Moving data from CockroachDB🪳 to PostgreSQL🐘 or YugabyteDB🚀
Franck Pachot
Posted on December 16, 2022
A user asked on the YugabyteDB community slack how to migrate from CockroachDB. You may think that "wire-compatibility" with PostgreSQL makes it easy, it is not.
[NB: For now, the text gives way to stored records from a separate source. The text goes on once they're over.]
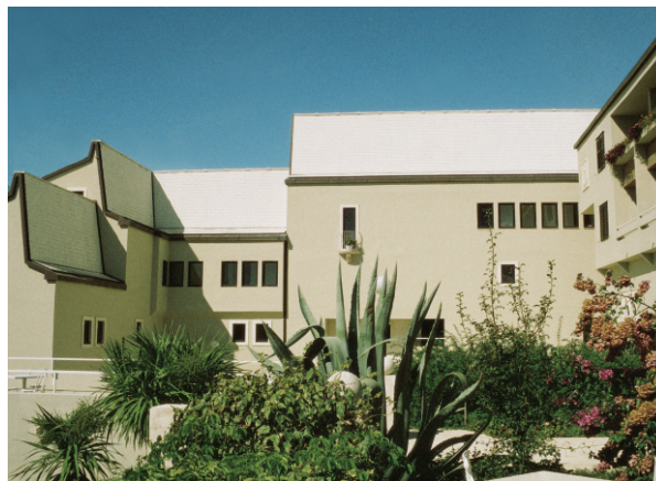
hotel bretanide bol brač / 1986 hotel bretanide bol brač / 1986
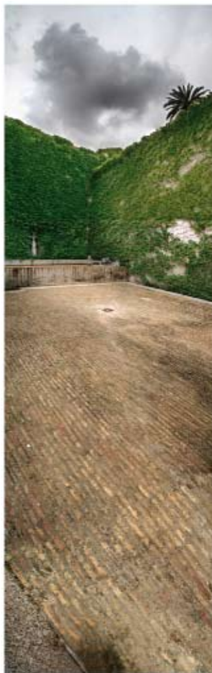
SEVILLA 20 Eduardo D'Acosta Fotografía digital. 60 x 170 cm.
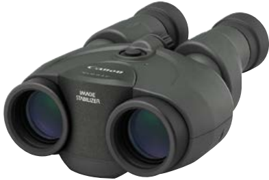
Canon 10x30 IS II
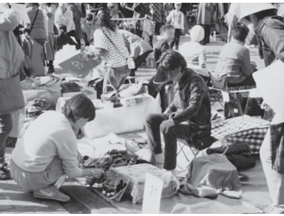
昨年のフリーマーケット

所、氏名、電話番号を記入して、10月17日(月)まで(必着に消費生活展実行委員会事務局 362-0075 柏座4-2-3 コミュニティセンター2階消費生活センター内)へ ※11月7日(月)に出店者説明会を行います。 消費生活展実行委員会事務局 775-0800・776-4600

The ways we usually export data from PostgreSQL doesn't work with CRDB. However because PostgreSQL is powerful and YugabyteDB benefits from all those SQL features, there is an easy solution with Foreign Data Wrapper.
Start the lab
For this test I'm starting the two databases in Docker, initialize the TPCC demo database in CockroachDB and create an empty one in YugabyteDB
# start containers
docker run --network yb -d --rm --name yb -p 5433:5433 -p 7000:7000 -p 15433:15433 yugabytedb/yugabyte:latest bash -c "
yugabyted start --background false --tserver_flags="ysql_beta_features=true"
"
docker run --network yb -d --rm --name cr -p 26257:26257 cockroachdb/cockroach:latest bash -c "
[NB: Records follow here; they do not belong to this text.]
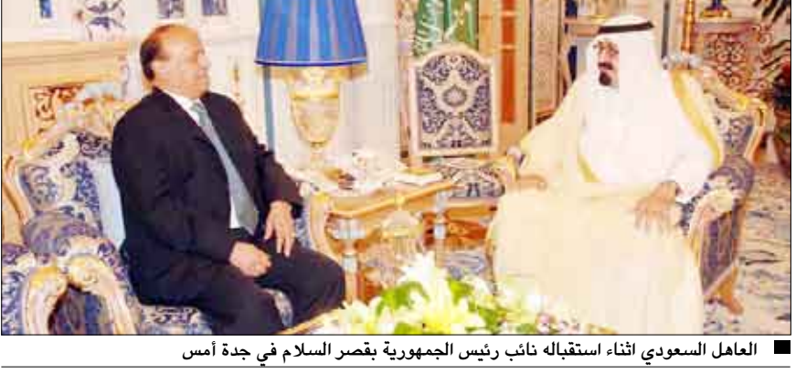
العاهل السعودي أثناء استقباله نائب رئيس الجمهورية بقصر السلام في جدة أمس

تسلم خادم الحرمين الشريفين الملك عبدالله بن عبدالعزيز - ملك المملكة العربية السعودية أمس رسالة من أخيه فخامة الرئيس علي عبدالله صالح ، رئيس الجمهورية تتعلق بالعلاقات الأخوية الحميمة بين البلدين الشقيقين وأفاق تعزيز التعاون المشترك في المجالات كافة بالإضافة إلى القضايا ذات الاهتمام المشترك .
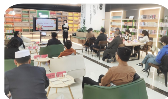
▲贺兰县政协持续深化“书香政协+”文化品牌建设，经常性开展委员读书活动。

民生福祉“价值”更优。深化“有事好商量”协商，围绕广荣村“党建直播间”功能优化、奥莱小镇便民金融服务覆盖等群众“家门口的关切”搭台协商。扎实开展“双月协商”，围绕“葡萄酒+文旅融合”等议题组织开展协商，提出意见建议40余条，助力解决民生实事6件。聚焦特殊群体急难愁盼问题，委员主动出资，帮扶168名“两参”人员、现役军人家属及30名困难学子；紧盯民生领域短板弱项，促成天鹅湖社区卫生站建成投用；聚焦青少年防溺水工程调研建言。
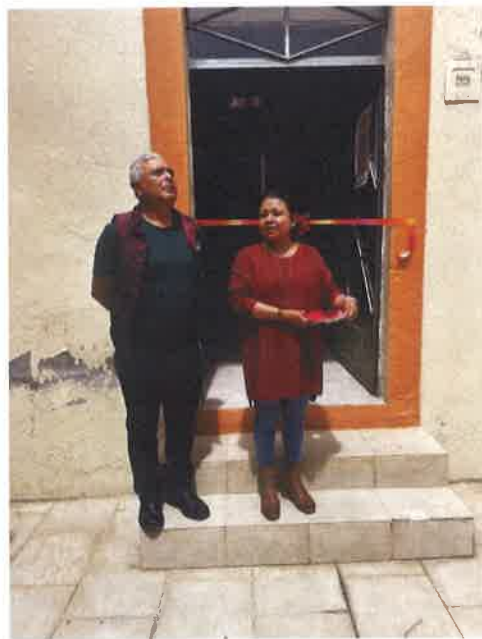
EXPOSICION DE MONEDAS ANTIGUAS
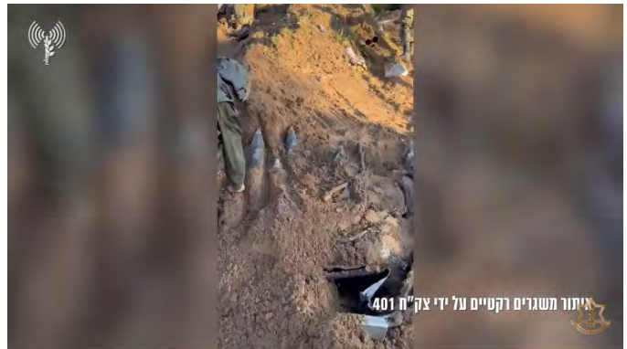
איתור משגרי רקטות באזור בית לאהיא (דובר צה"ל, 16 בינואר 2024)
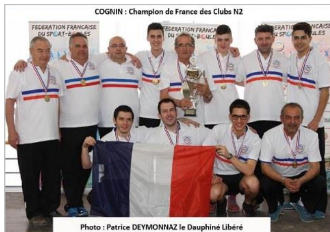
COGNIN : Champion de France des Clubs N2

Le dernier en date, au mois d'avril le club de Cognin a été sacré champion de France des clubs sportifs en Nationale 2 ce qui lui permettra d'évoluer en Nationale 1 la prochaine saison sportive.

cockroach start-single-node --insecure
"
# create demo tpcc tables in 🪳
docker exec -it cr cockroach workload init tpcc
# create empty db in 🚀
PGHOST=localhost PGPORT=5433 PGUSER=yugabyte PGDATABASE=yugabyte
until pg_isready ; do sleep 1 ; done | uniq &&
psql -c "
create database tpcc
"
PGDATABASE=tpcc
DDL: Migrate the schema
CRDB accepts connections though the PostgreSQL protocol but is not compatible with the PostgreSQL catalog views, and then doesn't support pg_dump
:
Franck@YB:~ $ pg_dump -U root -h localhost -p 26257 -d tpcc -s
pg_dump: error: query failed: ERROR: column "x.tableoid" does not exist
pg_dump: error: query was: SELECT x.tableoid, x.oid, x.extname, n.nspname, x.extrelocatable, x.extversion, x.extconfig, x.extcondition FROM pg_extension x JOIN pg_namespace n ON n.oid = x.extnamespace
However, they provide a proprietary way to generate the CREATE TABLE statements:
# export ddl
psql -U root -h localhost -p 26257 -d tpcc -Ato ddl.sql -c "
show create all tables
"
I like this simple command, even if not compatible with PostgreSQL, it is a good workaround for the absence of pgdump --schema-only
.
I have extracted the DDL in a ddl.sql
file:
As you can see, the DDL generated is not PostgreSQL-compatible. I have been working with a lot of SQL databases and have never seen this. In SQL we create indexes with CREATE INDEX. Indexes can be created implicitly from CREATE TABLE to enforce unique constraints, but declaring an index with the logical attributes of a table (list of columns and constraints) is not common.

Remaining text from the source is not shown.